**WHAT IS REQUIRED:** Pictures excluded, reproduce exactly the lines below from the one with "These stylish booties" through the one with "当前的位置: 首页 >", both included.

**ENTRIES SHOWN:**
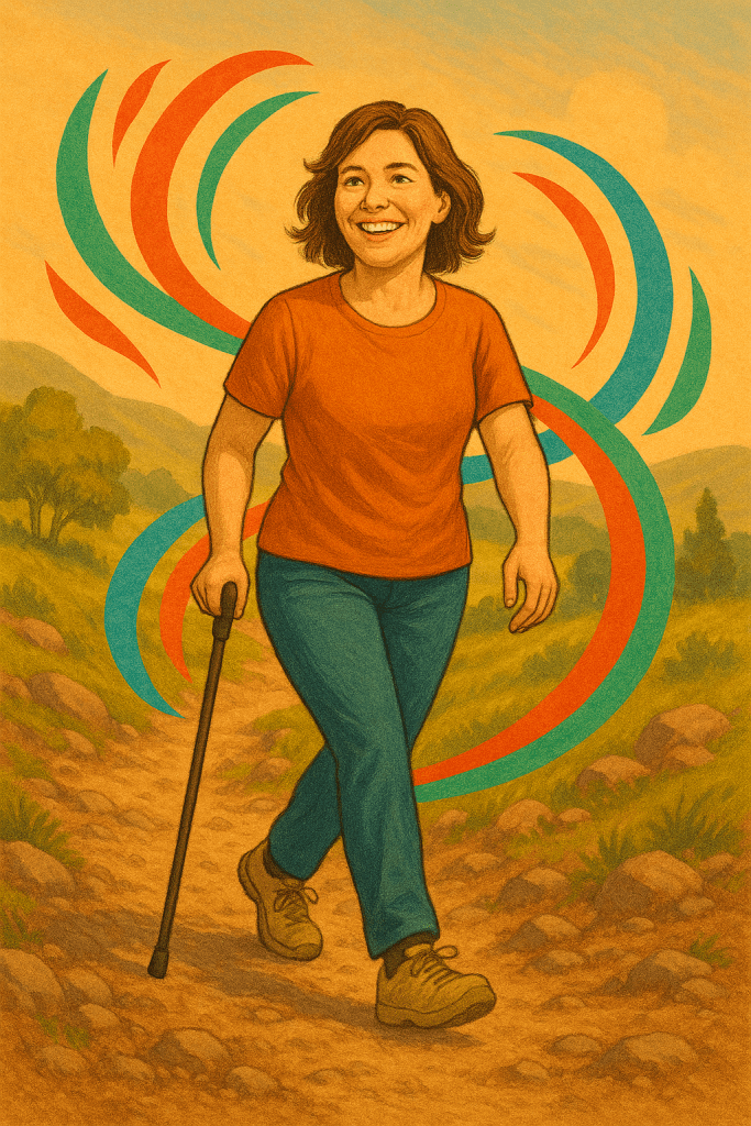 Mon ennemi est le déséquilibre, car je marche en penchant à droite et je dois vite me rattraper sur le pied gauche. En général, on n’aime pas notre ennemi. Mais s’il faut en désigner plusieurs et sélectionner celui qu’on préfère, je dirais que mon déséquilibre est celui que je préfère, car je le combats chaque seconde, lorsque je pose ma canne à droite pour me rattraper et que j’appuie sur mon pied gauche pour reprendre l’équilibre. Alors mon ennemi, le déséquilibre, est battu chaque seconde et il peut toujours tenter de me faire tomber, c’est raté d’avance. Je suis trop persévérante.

...

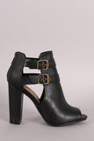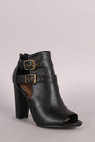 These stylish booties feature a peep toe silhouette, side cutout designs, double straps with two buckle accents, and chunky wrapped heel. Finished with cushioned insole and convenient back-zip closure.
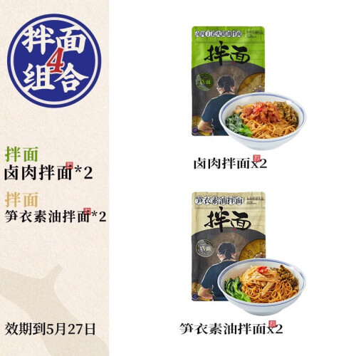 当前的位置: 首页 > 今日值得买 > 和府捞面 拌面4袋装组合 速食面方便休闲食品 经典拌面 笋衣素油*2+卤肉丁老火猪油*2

**RESULT OF THIS EXERCISE:**
 These stylish booties feature a peep toe silhouette, side cutout designs, double straps with two buckle accents, and chunky wrapped heel. Finished with cushioned insole and convenient back-zip closure.
 当前的位置: 首页 > 今日值得买 > 和府捞面 拌面4袋装组合 速食面方便休闲食品 经典拌面 笋衣素油*2+卤肉丁老火猪油*2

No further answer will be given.